*What to do*
An exact copy of every entry is what's needed, so please transcribe them all.

┌─ Information provided

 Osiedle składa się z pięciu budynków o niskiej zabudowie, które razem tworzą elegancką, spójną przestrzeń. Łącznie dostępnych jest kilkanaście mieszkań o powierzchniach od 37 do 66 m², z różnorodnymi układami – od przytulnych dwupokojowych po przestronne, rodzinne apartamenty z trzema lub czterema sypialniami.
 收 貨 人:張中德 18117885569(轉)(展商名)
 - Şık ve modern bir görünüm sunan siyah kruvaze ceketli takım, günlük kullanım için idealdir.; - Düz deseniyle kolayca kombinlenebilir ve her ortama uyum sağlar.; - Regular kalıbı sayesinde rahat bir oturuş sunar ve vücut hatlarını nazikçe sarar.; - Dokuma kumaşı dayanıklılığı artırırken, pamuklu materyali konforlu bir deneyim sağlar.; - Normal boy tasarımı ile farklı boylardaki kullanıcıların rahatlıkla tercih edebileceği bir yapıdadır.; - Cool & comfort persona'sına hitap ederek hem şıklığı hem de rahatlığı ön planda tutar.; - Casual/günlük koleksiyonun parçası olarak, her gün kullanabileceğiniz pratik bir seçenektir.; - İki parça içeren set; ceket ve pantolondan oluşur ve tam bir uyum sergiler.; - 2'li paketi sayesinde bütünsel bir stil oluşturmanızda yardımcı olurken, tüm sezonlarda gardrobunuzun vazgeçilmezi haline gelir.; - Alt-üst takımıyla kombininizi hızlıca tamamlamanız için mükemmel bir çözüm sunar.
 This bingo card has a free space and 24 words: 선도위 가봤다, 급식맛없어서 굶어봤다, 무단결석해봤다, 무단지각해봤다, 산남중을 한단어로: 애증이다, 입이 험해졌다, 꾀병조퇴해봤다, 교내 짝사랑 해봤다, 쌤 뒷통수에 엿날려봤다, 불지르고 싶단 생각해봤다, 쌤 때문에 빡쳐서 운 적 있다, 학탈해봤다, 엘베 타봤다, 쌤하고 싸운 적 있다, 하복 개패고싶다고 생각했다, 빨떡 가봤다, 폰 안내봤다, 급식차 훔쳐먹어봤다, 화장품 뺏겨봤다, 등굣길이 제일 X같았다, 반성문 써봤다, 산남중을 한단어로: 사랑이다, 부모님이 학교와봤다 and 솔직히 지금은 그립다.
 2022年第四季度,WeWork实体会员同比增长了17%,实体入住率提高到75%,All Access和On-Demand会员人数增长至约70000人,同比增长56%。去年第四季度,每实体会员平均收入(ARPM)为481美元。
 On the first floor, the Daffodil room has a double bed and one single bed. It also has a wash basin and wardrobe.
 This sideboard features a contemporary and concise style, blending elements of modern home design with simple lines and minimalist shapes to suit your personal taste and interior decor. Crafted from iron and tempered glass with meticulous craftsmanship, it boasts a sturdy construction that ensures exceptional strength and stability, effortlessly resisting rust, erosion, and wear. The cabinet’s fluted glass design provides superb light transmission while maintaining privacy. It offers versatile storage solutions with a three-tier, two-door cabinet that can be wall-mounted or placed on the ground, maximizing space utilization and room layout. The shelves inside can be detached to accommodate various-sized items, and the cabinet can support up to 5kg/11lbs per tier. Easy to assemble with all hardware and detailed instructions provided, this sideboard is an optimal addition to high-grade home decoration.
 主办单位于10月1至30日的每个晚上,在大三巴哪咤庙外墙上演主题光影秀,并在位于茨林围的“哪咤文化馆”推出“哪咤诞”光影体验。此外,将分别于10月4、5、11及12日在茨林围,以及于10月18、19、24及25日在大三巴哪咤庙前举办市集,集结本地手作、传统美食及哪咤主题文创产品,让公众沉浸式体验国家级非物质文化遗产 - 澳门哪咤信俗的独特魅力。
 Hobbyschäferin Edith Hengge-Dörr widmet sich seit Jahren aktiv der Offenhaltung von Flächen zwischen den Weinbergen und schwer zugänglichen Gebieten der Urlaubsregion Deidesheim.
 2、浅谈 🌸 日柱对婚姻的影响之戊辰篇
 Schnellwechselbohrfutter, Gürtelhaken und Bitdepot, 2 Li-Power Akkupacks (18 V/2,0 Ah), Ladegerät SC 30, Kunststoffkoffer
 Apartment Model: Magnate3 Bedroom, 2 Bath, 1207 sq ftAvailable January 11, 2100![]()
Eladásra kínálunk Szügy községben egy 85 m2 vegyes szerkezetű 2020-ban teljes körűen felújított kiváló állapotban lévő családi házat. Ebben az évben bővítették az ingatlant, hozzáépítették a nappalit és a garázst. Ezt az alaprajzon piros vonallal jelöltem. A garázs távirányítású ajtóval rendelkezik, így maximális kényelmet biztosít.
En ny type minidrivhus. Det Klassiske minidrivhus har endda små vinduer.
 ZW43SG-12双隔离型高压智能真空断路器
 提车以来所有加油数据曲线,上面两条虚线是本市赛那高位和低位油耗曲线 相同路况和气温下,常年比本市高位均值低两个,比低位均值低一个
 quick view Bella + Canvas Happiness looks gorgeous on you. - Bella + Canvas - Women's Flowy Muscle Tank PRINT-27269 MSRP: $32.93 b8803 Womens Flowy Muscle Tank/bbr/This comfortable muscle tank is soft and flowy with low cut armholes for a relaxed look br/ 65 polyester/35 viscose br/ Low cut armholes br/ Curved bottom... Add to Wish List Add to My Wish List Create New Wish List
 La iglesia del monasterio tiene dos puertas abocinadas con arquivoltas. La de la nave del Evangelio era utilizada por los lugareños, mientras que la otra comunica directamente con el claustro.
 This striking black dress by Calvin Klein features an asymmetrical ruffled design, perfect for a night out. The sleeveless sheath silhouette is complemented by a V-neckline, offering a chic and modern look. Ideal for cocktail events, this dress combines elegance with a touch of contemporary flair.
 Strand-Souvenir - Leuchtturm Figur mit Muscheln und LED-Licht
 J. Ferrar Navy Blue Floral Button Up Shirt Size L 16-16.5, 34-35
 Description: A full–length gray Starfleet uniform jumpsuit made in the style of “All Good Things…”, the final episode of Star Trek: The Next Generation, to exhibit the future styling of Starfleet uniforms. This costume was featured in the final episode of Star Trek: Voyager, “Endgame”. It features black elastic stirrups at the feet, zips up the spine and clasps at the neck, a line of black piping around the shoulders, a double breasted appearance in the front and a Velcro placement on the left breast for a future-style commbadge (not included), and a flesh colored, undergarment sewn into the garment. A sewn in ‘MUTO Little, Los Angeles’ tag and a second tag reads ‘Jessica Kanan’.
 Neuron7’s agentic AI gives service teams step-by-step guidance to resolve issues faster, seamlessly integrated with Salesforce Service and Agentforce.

└─

*Response box*
 Osiedle składa się z pięciu budynków o niskiej zabudowie, które razem tworzą elegancką, spójną przestrzeń. Łącznie dostępnych jest kilkanaście mieszkań o powierzchniach od 37 do 66 m², z różnorodnymi układami – od przytulnych dwupokojowych po przestronne, rodzinne apartamenty z trzema lub czterema sypialniami.
 收 貨 人:張中德 18117885569(轉)(展商名)
 - Şık ve modern bir görünüm sunan siyah kruvaze ceketli takım, günlük kullanım için idealdir.; - Düz deseniyle kolayca kombinlenebilir ve her ortama uyum sağlar.; - Regular kalıbı sayesinde rahat bir oturuş sunar ve vücut hatlarını nazikçe sarar.; - Dokuma kumaşı dayanıklılığı artırırken, pamuklu materyali konforlu bir deneyim sağlar.; - Normal boy tasarımı ile farklı boylardaki kullanıcıların rahatlıkla tercih edebileceği bir yapıdadır.; - Cool & comfort persona'sına hitap ederek hem şıklığı hem de rahatlığı ön planda tutar.; - Casual/günlük koleksiyonun parçası olarak, her gün kullanabileceğiniz pratik bir seçenektir.; - İki parça içeren set; ceket ve pantolondan oluşur ve tam bir uyum sergiler.; - 2'li paketi sayesinde bütünsel bir stil oluşturmanızda yardımcı olurken, tüm sezonlarda gardrobunuzun vazgeçilmezi haline gelir.; - Alt-üst takımıyla kombininizi hızlıca tamamlamanız için mükemmel bir çözüm sunar.
 This bingo card has a free space and 24 words: 선도위 가봤다, 급식맛없어서 굶어봤다, 무단결석해봤다, 무단지각해봤다, 산남중을 한단어로: 애증이다, 입이 험해졌다, 꾀병조퇴해봤다, 교내 짝사랑 해봤다, 쌤 뒷통수에 엿날려봤다, 불지르고 싶단 생각해봤다, 쌤 때문에 빡쳐서 운 적 있다, 학탈해봤다, 엘베 타봤다, 쌤하고 싸운 적 있다, 하복 개패고싶다고 생각했다, 빨떡 가봤다, 폰 안내봤다, 급식차 훔쳐먹어봤다, 화장품 뺏겨봤다, 등굣길이 제일 X같았다, 반성문 써봤다, 산남중을 한단어로: 사랑이다, 부모님이 학교와봤다 and 솔직히 지금은 그립다.
 2022年第四季度,WeWork实体会员同比增长了17%,实体入住率提高到75%,All Access和On-Demand会员人数增长至约70000人,同比增长56%。去年第四季度,每实体会员平均收入(ARPM)为481美元。
 On the first floor, the Daffodil room has a double bed and one single bed. It also has a wash basin and wardrobe.
 This sideboard features a contemporary and concise style, blending elements of modern home design with simple lines and minimalist shapes to suit your personal taste and interior decor. Crafted from iron and tempered glass with meticulous craftsmanship, it boasts a sturdy construction that ensures exceptional strength and stability, effortlessly resisting rust, erosion, and wear. The cabinet’s fluted glass design provides superb light transmission while maintaining privacy. It offers versatile storage solutions with a three-tier, two-door cabinet that can be wall-mounted or placed on the ground, maximizing space utilization and room layout. The shelves inside can be detached to accommodate various-sized items, and the cabinet can support up to 5kg/11lbs per tier. Easy to assemble with all hardware and detailed instructions provided, this sideboard is an optimal addition to high-grade home decoration.
 主办单位于10月1至30日的每个晚上,在大三巴哪咤庙外墙上演主题光影秀,并在位于茨林围的“哪咤文化馆”推出“哪咤诞”光影体验。此外,将分别于10月4、5、11及12日在茨林围,以及于10月18、19、24及25日在大三巴哪咤庙前举办市集,集结本地手作、传统美食及哪咤主题文创产品,让公众沉浸式体验国家级非物质文化遗产 - 澳门哪咤信俗的独特魅力。
 Hobbyschäferin Edith Hengge-Dörr widmet sich seit Jahren aktiv der Offenhaltung von Flächen zwischen den Weinbergen und schwer zugänglichen Gebieten der Urlaubsregion Deidesheim.
 2、浅谈 🌸 日柱对婚姻的影响之戊辰篇
 Schnellwechselbohrfutter, Gürtelhaken und Bitdepot, 2 Li-Power Akkupacks (18 V/2,0 Ah), Ladegerät SC 30, Kunststoffkoffer
 Apartment Model: Magnate3 Bedroom, 2 Bath, 1207 sq ftAvailable January 11, 2100![]()
Eladásra kínálunk Szügy községben egy 85 m2 vegyes szerkezetű 2020-ban teljes körűen felújított kiváló állapotban lévő családi házat. Ebben az évben bővítették az ingatlant, hozzáépítették a nappalit és a garázst. Ezt az alaprajzon piros vonallal jelöltem. A garázs távirányítású ajtóval rendelkezik, így maximális kényelmet biztosít.
En ny type minidrivhus. Det Klassiske minidrivhus har endda små vinduer.
 ZW43SG-12双隔离型高压智能真空断路器
 提车以来所有加油数据曲线,上面两条虚线是本市赛那高位和低位油耗曲线 相同路况和气温下,常年比本市高位均值低两个,比低位均值低一个
 quick view Bella + Canvas Happiness looks gorgeous on you. - Bella + Canvas - Women's Flowy Muscle Tank PRINT-27269 MSRP: $32.93 b8803 Womens Flowy Muscle Tank/bbr/This comfortable muscle tank is soft and flowy with low cut armholes for a relaxed look br/ 65 polyester/35 viscose br/ Low cut armholes br/ Curved bottom... Add to Wish List Add to My Wish List Create New Wish List
 La iglesia del monasterio tiene dos puertas abocinadas con arquivoltas. La de la nave del Evangelio era utilizada por los lugareños, mientras que la otra comunica directamente con el claustro.
 This striking black dress by Calvin Klein features an asymmetrical ruffled design, perfect for a night out. The sleeveless sheath silhouette is complemented by a V-neckline, offering a chic and modern look. Ideal for cocktail events, this dress combines elegance with a touch of contemporary flair.
 Strand-Souvenir - Leuchtturm Figur mit Muscheln und LED-Licht
 J. Ferrar Navy Blue Floral Button Up Shirt Size L 16-16.5, 34-35
 Description: A full–length gray Starfleet uniform jumpsuit made in the style of “All Good Things…”, the final episode of Star Trek: The Next Generation, to exhibit the future styling of Starfleet uniforms. This costume was featured in the final episode of Star Trek: Voyager, “Endgame”. It features black elastic stirrups at the feet, zips up the spine and clasps at the neck, a line of black piping around the shoulders, a double breasted appearance in the front and a Velcro placement on the left breast for a future-style commbadge (not included), and a flesh colored, undergarment sewn into the garment. A sewn in ‘MUTO Little, Los Angeles’ tag and a second tag reads ‘Jessica Kanan’.
 Neuron7’s agentic AI gives service teams step-by-step guidance to resolve issues faster, seamlessly integrated with Salesforce Service and Agentforce.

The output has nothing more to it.